According to Joyce, the other three members that were appointed represent areas that have no local IDA. The new members are: Marlene McTigue of Coeymans Hollow, a multi-media consultant for Columbia-Greene Media; Douglas Roether of East Berne, a “semi-retired” electrician who currently serves as an associate director at a private venture capital group and manages and invests in real estate; and Anton Dreslin of Voorheesville, an IT director for the state and vice-president of Bank of America.
“Excuse making, political games have held us back from our full potential for far too long,” said Joyce. “It’s time for a new approach.”

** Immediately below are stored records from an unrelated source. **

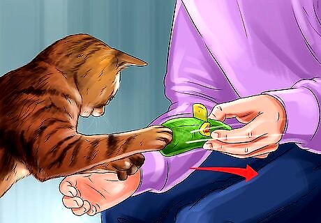 Be patient. Your cat can’t be expected to learn something new overnight. You need to give your cat some time so that it has a chance to learn the new behavior. Be patient with your cat and let it learn at its own pace, rather than trying to force it. Try not to get frustrated if it takes longer than expected. Keep working at it and your cat will get the hang of it over time. Don’t pick up your cat and try to force it into new behaviors. Let the cat come to the desired behavior on its own and then reward the behavior. Trying to force your cat may scare it. If you pick your cat up and try to make it use a scratching post or play with a certain toy, the cat may feel trapped or uneasy. Let the cat find the thing on its own. Try applying catnip to the new scratching post or toy. If the cat hasn't paid any attention to the new toy after a few days, move the toy to a new location that your cat frequents.
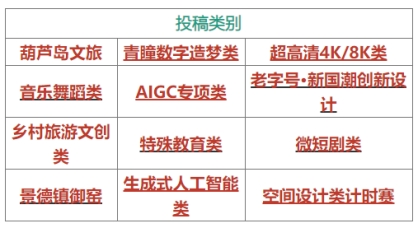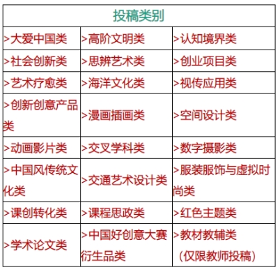 本届大赛员工组共设23个投稿类别,以每个院校不同的二级公司(系)为投稿单位,每个类别(论文类除外,论文类每个员工或老师,只能投稿一篇论文,且为未发表过,以及与创意、设计、数字媒体等相关专业有关的文章)最多投搞20件作品;教师组24个类别,教师作品投稿数量不限。
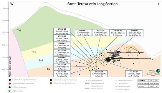 | STE25X-20 | Santa Teresa | 220.10 | 224.25 | 2.53 | 9.65 g/t Au and 121 g/t Ag |
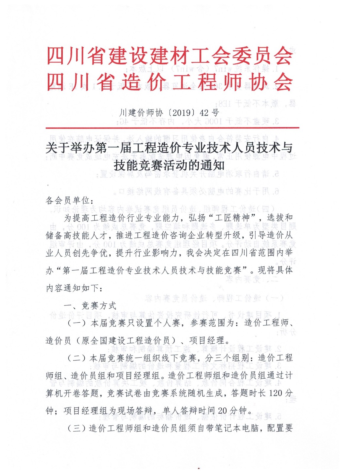 關(guān)于舉辦第一屆工程造價專業(yè)技術(shù)人員技術(shù)與技能競賽活動的通知
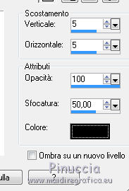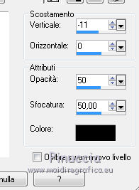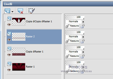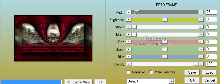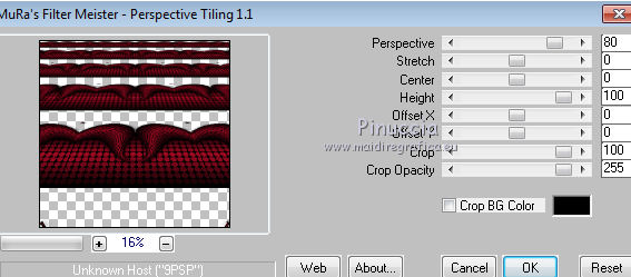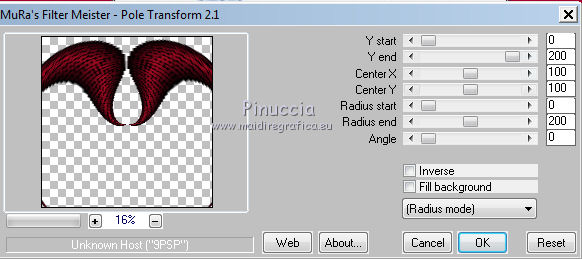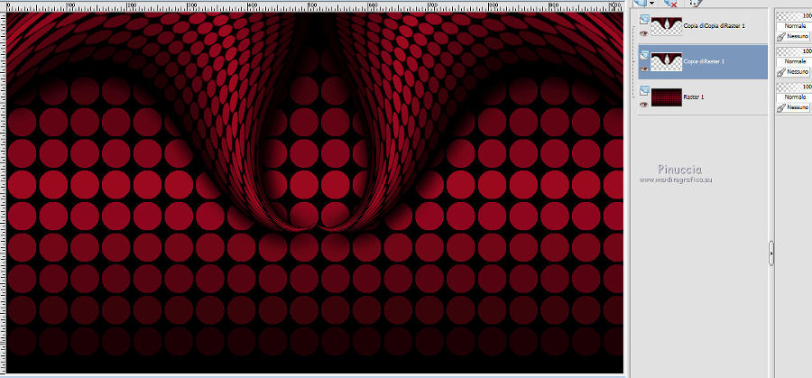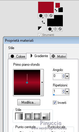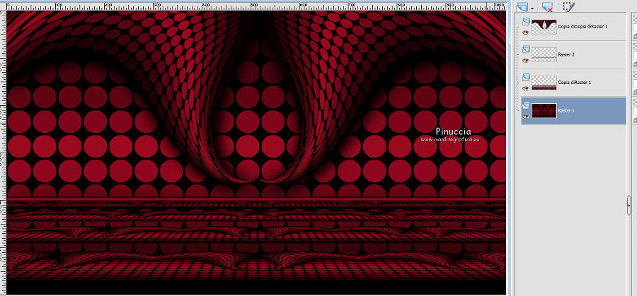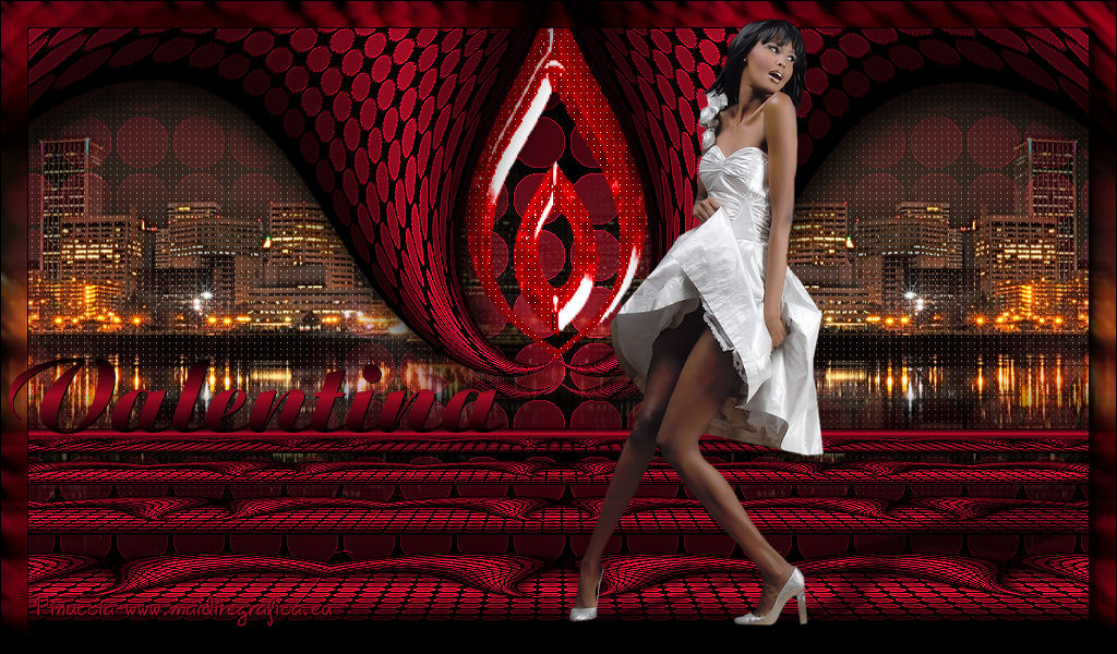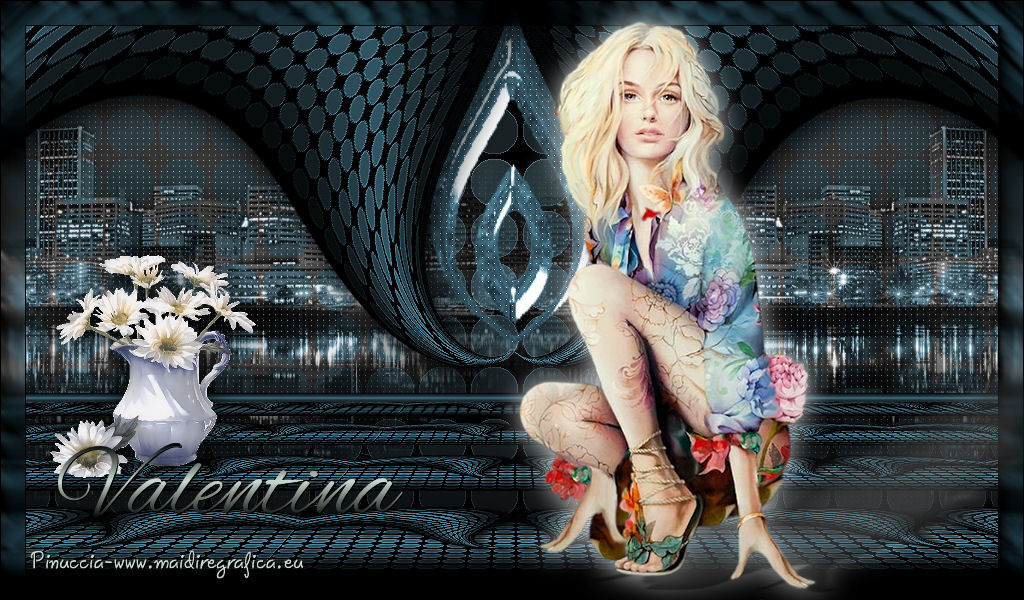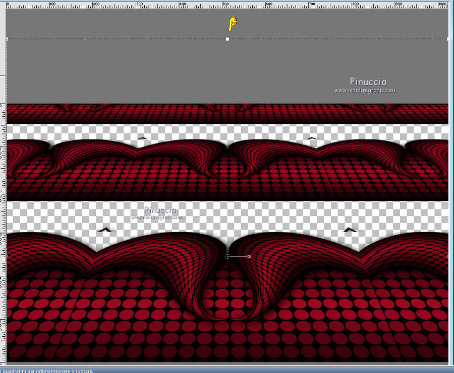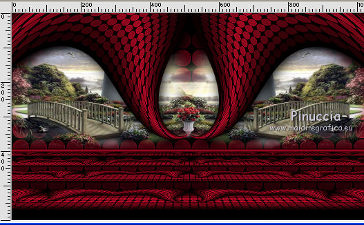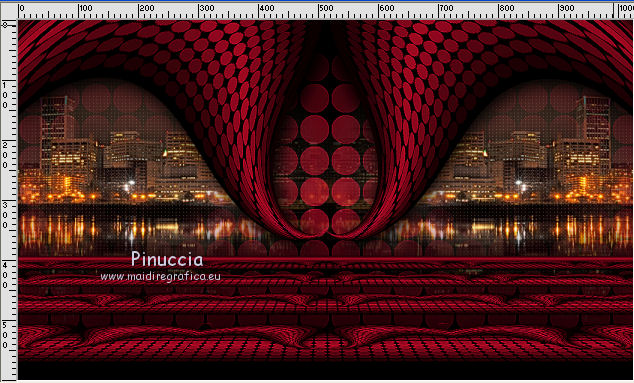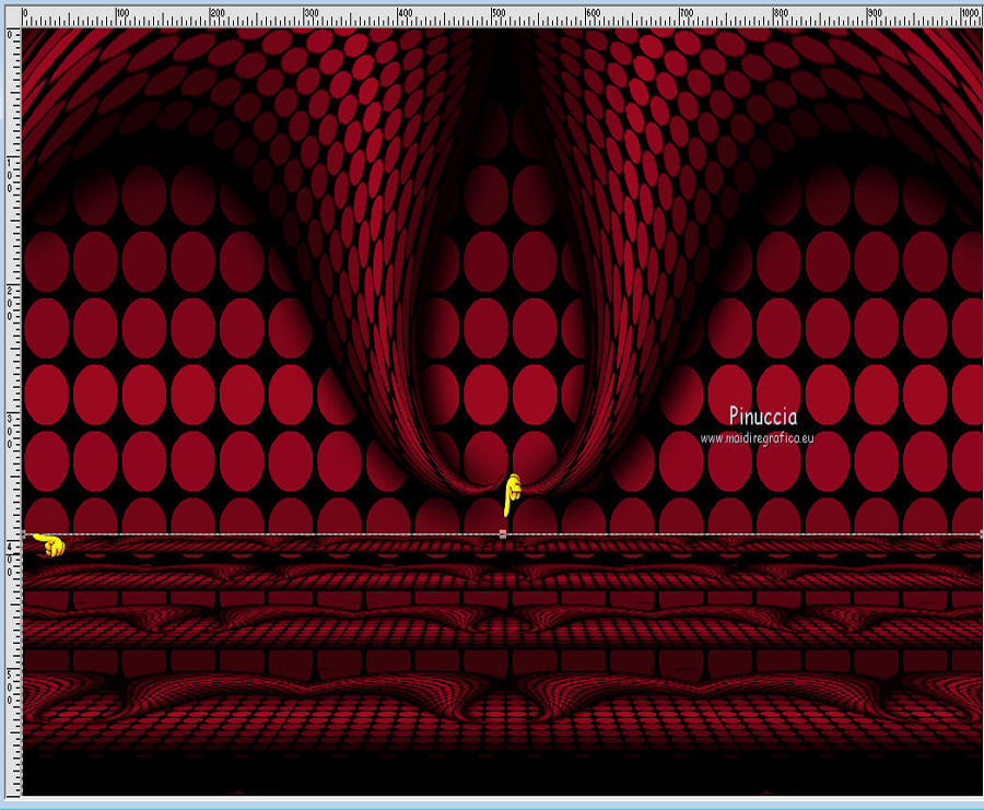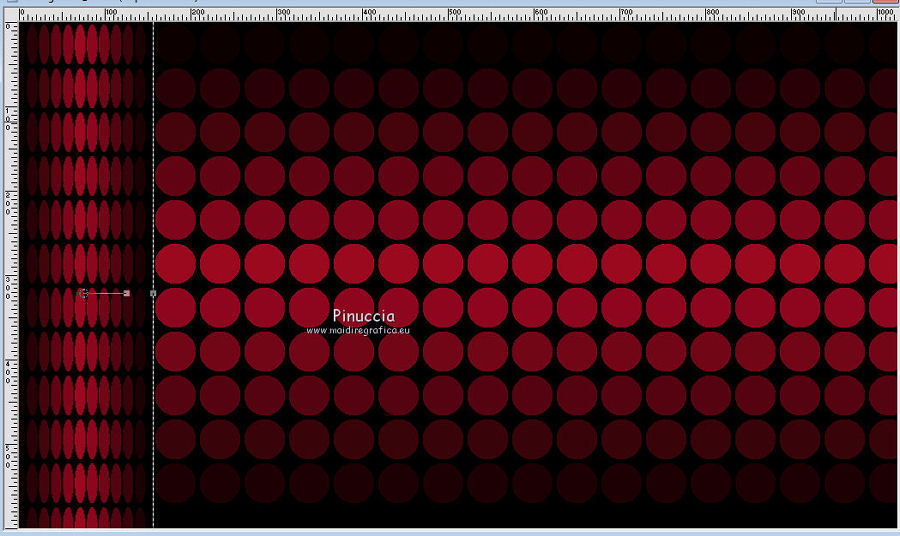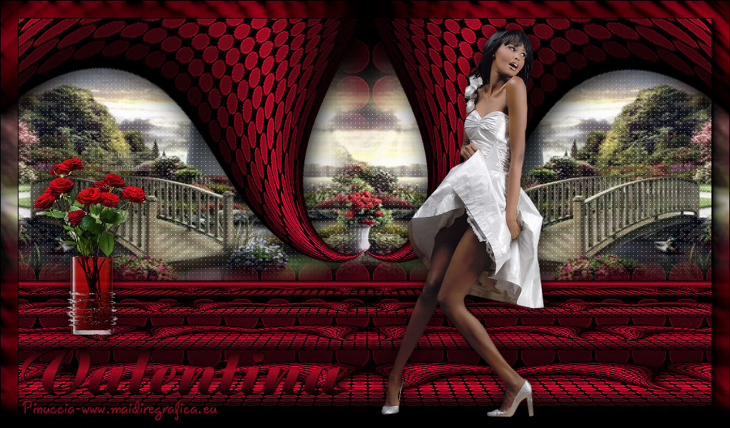 qui puoi trovare qualche risposta ai tuoi dubbi. Se l'argomento che ti interessa non è presente, ti prego di segnalarmelo. Questo tutorial è stato realizzato con Corel18 e tradotto con Corel X, ma può essere realizzato anche con le altre versioni di PSP. Dalla versione X4, il comando Immagine>Rifletti è stato sostituito con Immagine>Capovolgi in orizzontale, e il comando Immagine>Capovolgi con Immagine>Capovolgi in verticale. Nelle versioni X5 e X6, le funzioni sono state migliorate rendendo disponibile il menu Oggetti. Con la nuova versione X7, sono tornati Rifletti>Capovolgi, ma con nuove varianti. Vedi la scheda sull'argomento qui Occorrente: Materiale qui Nel materiale trovi 4 tubes di donna, 4 paesaggio e 3 tubes accessori (vasi). I tubes usati sono di AnaRidzi e Talanat. Filtri in caso di dubbi, ricorda di consultare la mia sezione filtri qui Mura's Meister - Perspective Tiling qui Mura's Meister - Pole Transform qui AAA Frames - Foto Frame qui CPK Designs - CK Pegs qui Carolaine and Sensibility qui AAA Frames - Foto Frame qui ![]() non esitare a cambiare modalità di miscelatura e opacità secondo i colori utilizzati. Nelle ultime versioni di PSP non c'è il gradiente di primo piano/sfondo (Corel_06_029) Puoi usare i gradienti delle versioni precedenti. Trovi qui i gradienti Corel X. Imposta il colore di primo piano con #a20a22, e il colore di sfondo con #000000. Passa il colore di primo piano a Gradiente di primo piano/sfondo, stile Lineare. ![]() 1. Apri una nuova immagine trasparente 1024 x 600 pixels, e riempila con il gradiente.2. Effetti>Plugins>CPK Design - CK Pegs. ![]() 3. Livelli>Duplica. 4. Tasto K per attivare lo strumento Puntatore ![]() se stai usando PSP 9 tasto D per attivare lo strumento Deformazione ![]() in modalità Scala , spingi il nodo superiore centrale verso il basso fino a 200 pixels,e il nodo inferiore centrale verso l'alto fino a 350 pixels. se non visualizzi i Righelli, vai a Visualizza>Righelli ![]() Tasto M o clicca sulla Manina per deselezionare lo strumento.5. Immagine>Ruota per gradi - 90 gradi a sinistra. ![]() 6. Sposta la striscia contro il bordo sinistro![]() 7. Effetti>Effetti geometrici>Cerchio. ![]() 8. Livelli>Duplica. Immagine>Rifletti. Livelli>Unisci>Unisci giù. 9. Effetti>Plugins>Mura's Meister - Pole Transform. ![]() Risultato ![]() Sposta la figura un po' più in basso, come nell'esempio.![]() 10. Effetti>Effetti 3D>Sfalsa ombra, colore nero. ![]() 11. Livelli>Duplica e attiva il livello sottostante Copia di Raster 1. ![]() 12. Livelli>Unisci>Unisci giù. 13. Livelli>Duplica. Effetti>Plugins>Mura's Meister - Perspective Tiling. ![]() 14. Tasto K/D per attivare lo strumento Puntatore /Deformazione ![]() in modalità Scala , spingi il nodo superiore centrale(dovrai uscire dai bordi dell'immagine per trovare il nodo) ![]() verso il basso intorno a 400-410 pixels ![]() 15. Chiudi il livello Raster 1 e attiva il livello Copia di Raster 1. ![]() 16. Attiva lo strumento Penna con i seguenti settaggi![]() e, tenendo premuto il tasto della maiuscola, traccia una linea sopra l'Effetto Perspective ![]() Livelli>Converti in livello raster. 17. Effetti>Effetti 3D>Sfalsa ombra, con i settaggi precedenti. ![]() 18. Riapri e attiva il livello Raster 1. ![]() Effetti>Effetti di bordo>Aumenta. Ripeti l'Effetto sui livelli 2, 3 e 4. 19. Attiva il livello Raster 2. ![]() Livelli>Unisci>Unisci giù. 20. Effetti>Effetti 3D>Sfalsa ombra, colore nero. ![]() 21. Attiva il livello Raster 1. Apri il tube del paesaggio e vai a Modifica>Copia. Torna al tuo lavoro e vai a Modifica>Incolla come nuovo livello. Posiziona il tube a sinistra e usa la funzione Puntatore per adattarlo alla metà dell'immagineLivelli>Duplica. Immagine>Rifletti. Se necessario, allinea / correttamente le due metà.prima versione ![]() seconda versione ![]() 22. Assicurati di essere posizionato sul livello della copia. Livelli>Unisci>Unisci giù. Effetti>Plugins>Carolaine and Sensibility - CS-LDots ![]() 23. Livelli>Unisci>Unisci visibile. Effetti>Plugins>AAA Frames - Foto Frame. ![]() 24. Apri il tube della donna e vai a Modifica>Copia. Torna al tuo lavoro e vai a Modifica>Incolla come nuovo livello. Immagine>Ridimensiona, se e quanto necessario, tutti i livelli non selezionato. Posiziona correttamente il tube.Effetti>Effetti 3D>Sfalsa ombra, settaggi a scelta. 25. Facoltativo: apri decor0 e vai a Modifica>Copia. Torna al tuo lavoro e vai a Modifica>Incolla come nuovo livello. Posiziona il tube in alto al centro.Tasto K/D per attivare lo strumento Puntatore /Deformazione ![]() in modalità Scala , usa i nodi dello strumento per allargare il tube![]() Regola>Tonalità e saturazione>Viraggio, con i valori di tonalità (H) e Saturazione (S) del tuo colore di primo piano. 26. Attiva lo strumento Testo , scegli un font,e, a sinistra, scrivi Valentina. Livelli>Converti in livello raster. Effetti>Effetti 3D>Sfalsa ombra, a scelta. 27. Livelli>Unisci>Unisci visibile. 28. Firma il tuo lavoro e salva in formato jpg. ![]() Il tube di questo esempio è di Odette ![]() ![]() Puoi scrivermi se hai problemi o dubbi, o trovi un link che non funziona, o soltanto per un saluto. 2 Agosto 2016 |

Domalewicz said he was opposing the appointments because there was no labor representation. “On the IDA we’ve always had a member for labor on that board,” he said prior to the vote. “I don’t see anybody from labor on this board tonight. Labor will not have a voice at that table for the first time that I can remember.”
Joyce responded that he had asked Legislator Doug Bullock, D-Albany, who co-chairs the Labor Task Force, to reach out to the labor community for input regarding the changes the IDA is undergoing. He also noted that IDA member and Legislator William Clay, D-Albany, has a background in labor.
A number of members thanked Domalewicz for his service on the IDA before the body voted to approve the appointments. McLean Lane and Joanne Cunningham (D-Delmar) joined Domalewicz in opposing the appointments.
“I wanted there to be a labor representative on the IDA,” said McLean Lane.
Domalewicz still serves as chair of the Albany County Capital Resource Corporation, which works solely with non-profits and has $1.5 million in reserve funds. “When I first got there they had $5,000,” he said of the CRC and IDA. “I turned it into $4.2 million.”
Records on the IDA website are only available as far back as 2012, but show that the public benefit corporation had $802,369 in net assets at the end of that year.